I have yet to write that “I find bugs”. When I test I expect to find bugs but that is because I think deeply about how I might effectively test the software. In what ways can I test and find vulnerabilities? I’m not actually thinking “let’s find bugs?”. This might seem like a subtle difference (or perhaps not). This approach is explained by John Kay in his book Obliquity. If I say I’m going to find bugs, and make that my sole focus, I’m taking a very direct approach. I prefer an oblique approach where I focus on doing things that give me the opportunity to discover and learn and put myself in the best possible position to find important bugs. It also helps me focus on developing a solid understanding of various risks (because I need to convey this to stakeholders). Bugs are not my focus but an outcome of the way I test. This is just one reason why I don’t count bugs. The count, to a large degree, is irrelevant. There are many other dimensions of bugs that interest me far more before my (or another testers) personal tally. There are many other dimensions by which I judge my performance than by the number of bugs found.

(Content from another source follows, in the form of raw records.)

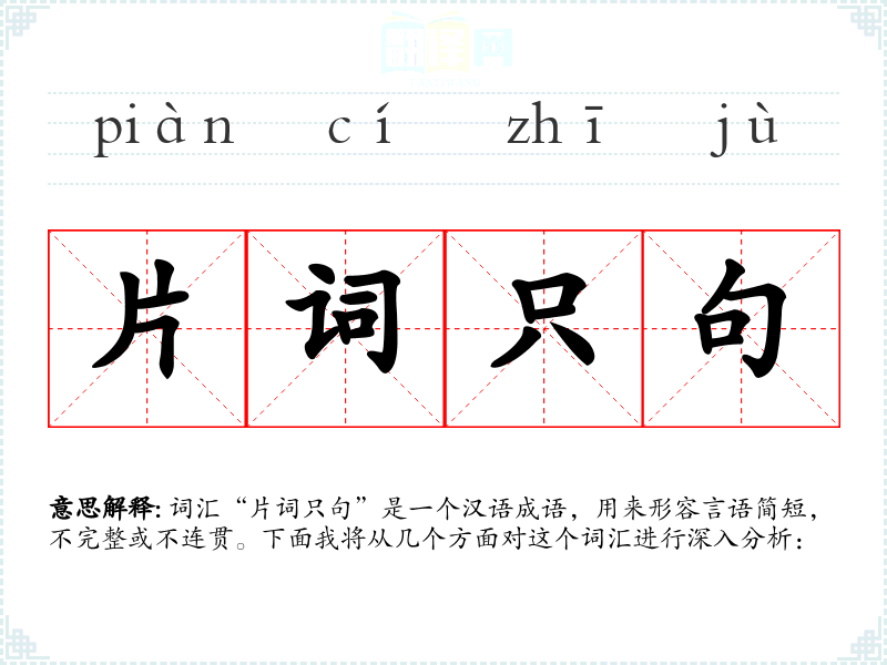 词汇“片词只句”是一个汉语成语,用来形容言语简短,不完整或不连贯。下面我将从几个方面对这个词汇进行深入分析:
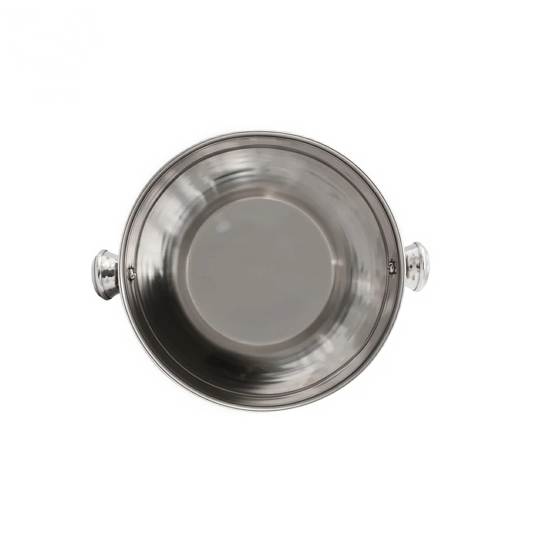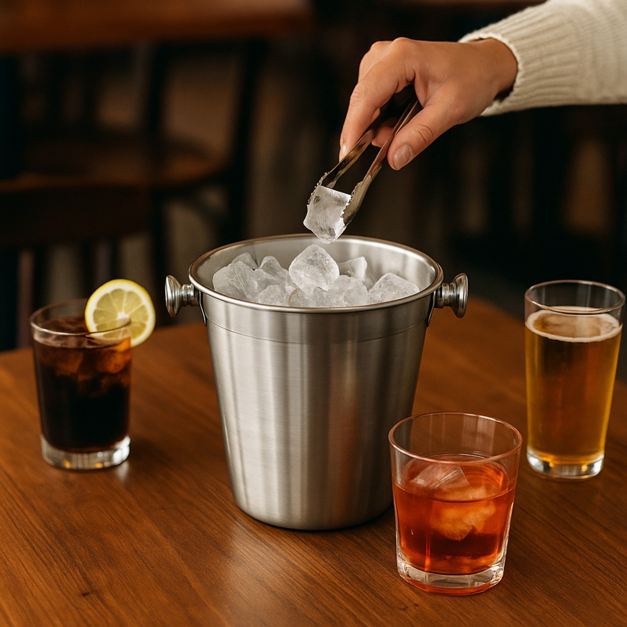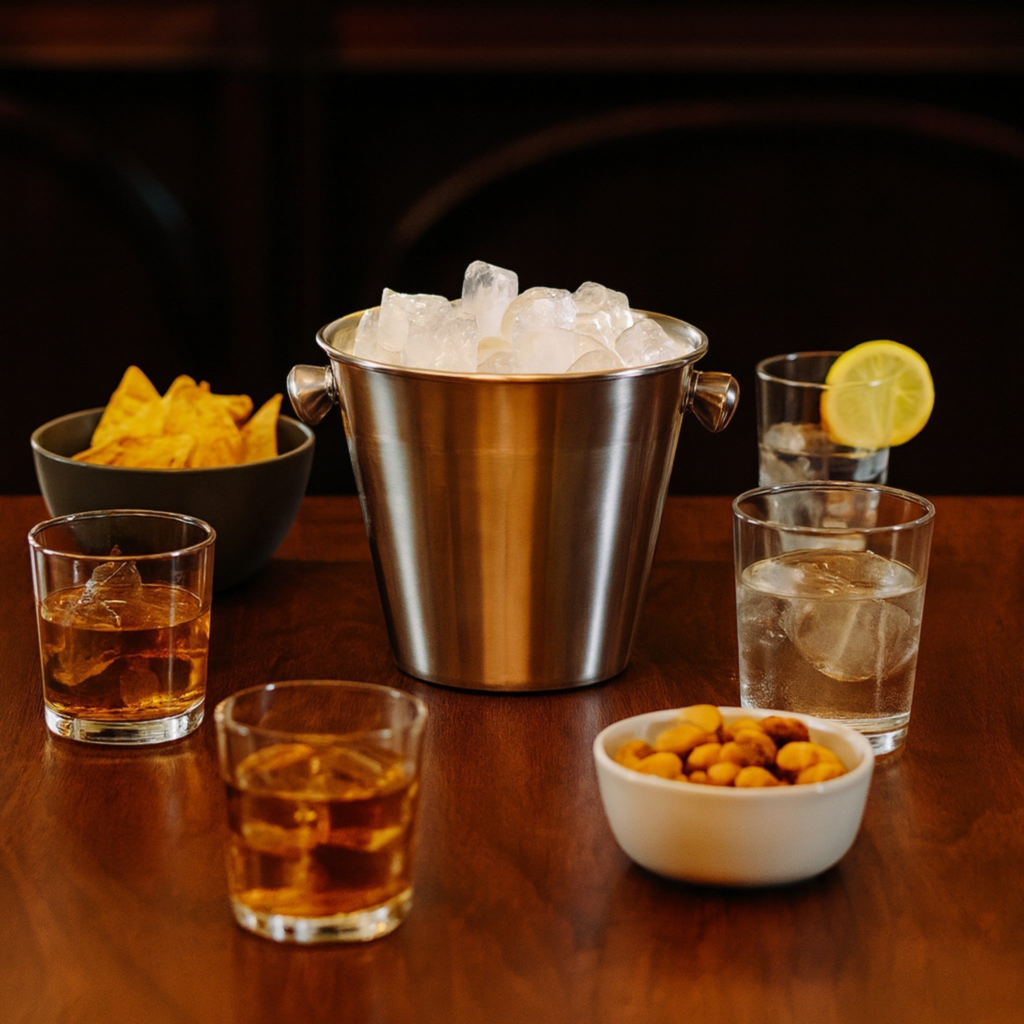 Práctica hielera fabricada en acero inoxidable, ideal para conservar y servir hielos en restaurantes, bares o reuniones. Su diseño resistente asegura durabilidad y fácil limpieza, manteniendo siempre la higiene en el servicio.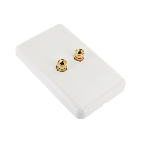 This wall plate allows the connection of 1 speaker. The perfect solution to keep things looking good when running cables through the walls, floor or ceiling in your home theatre system.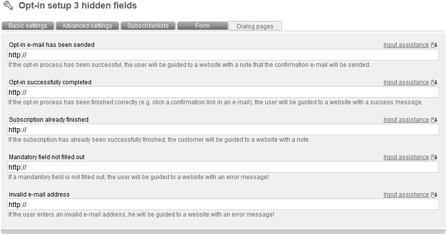 Now enter a name and an optional description for your optin setup. Then choose the 'mode' (important). The following modes are supported by 'unsere Mailingl√∂sung': Double Opt-in with confirmation e-mail (recommended as the only legally secure login variant): Interested party visits a website with an optin setup form. He enters his data into the form. He gots an e-mail with content like this: „Thank you for your optin. Please confirm the registration confirmation link to complete your registration.“ He clicks the link. Registration is completed. He gots a „welcoming“ e-mail. You can integrate information about your company and a certain design as well. Double Opt-in: Like described before, but without sending of a „welcoming“ e-mail. Confirmed Opt-In: Nach Anmeldung auf der Webseite wird sofort eine automatische Begrüßungsnachricht versendet. Single Opt-in: No e-mails will be send. There just will be a message in your browser, that registration was successfull. According to the mode you've choosed, you have to adapt different sub-options. In Tab 'advanced settings' you can deposit your e-mail address in field 'e-mail forwarding', to be informed about new subscribers. In field 'mailing for later delivery' you can determine your last sended newsletter. All new subscribers will receive your last mailing and don't have to wait for another one. To protect your optin-form against abuse, activate the invisible captcha . Captchas are often used to check if petitions are produced by a machine (robot, short: bot) or a real person. Bots are often used abusive to generate masses of subscriptions. Choose your favorite subscriberfields, which should be filled in in next tab 'Form'. After clicking 'Add subscriberfield' a pop up appears, where you can select and add subscriberfields to your optin-form. Furthermore you can add one or more subscriberlists as option(s) in a ceckbox through the button 'add subscriberlist'. Click 'sort formfields' to edit order of your fields. Click 'test form' to check your form by a preview of your optin-form. Next tab: 'Dialog pages':

If people wish to express their value in terms of “bug count” that’s a personal decision. In my sphere of influence (whatever that might be – and assuming I have one) I feel it is important to broaden the conversation. When I talk about testing I want to amplify the skills required, the depth of thinking and analyses needed to do it well. The broad experiences and sheer hard work that feed into decision making, the people skills, the reporting skills, collaborating, influencing and helping people and products improve. That list is just a starting point, far from exhaustive. In that conversation I want people to appreciate that bugs are found because good testers make it inevitable they will be found rather than testers only find bugs. There’s a huge difference in value statement between the two.
I would much rather have the conversation about why I find bugs that others might not find rather than bug numbers. I would like to be recognised for more than just finding bugs, because, frankly, I (and many other testers) bring way more than that to the table (if you’re reading this and don’t know any of those “other testers” get in touch with me and I’ll send you some names). I would like to move the focus of testing discussion to the nuances, challenges and difficulties of good testing and how testers can help with quality (and that testers don’t own quality or assure it). I really want to see more testers thinking about, and communicating with clarity, what it is that makes testing valuable. Elevating the status of testing by sending clear and accurate messages – well, it’s in our hands.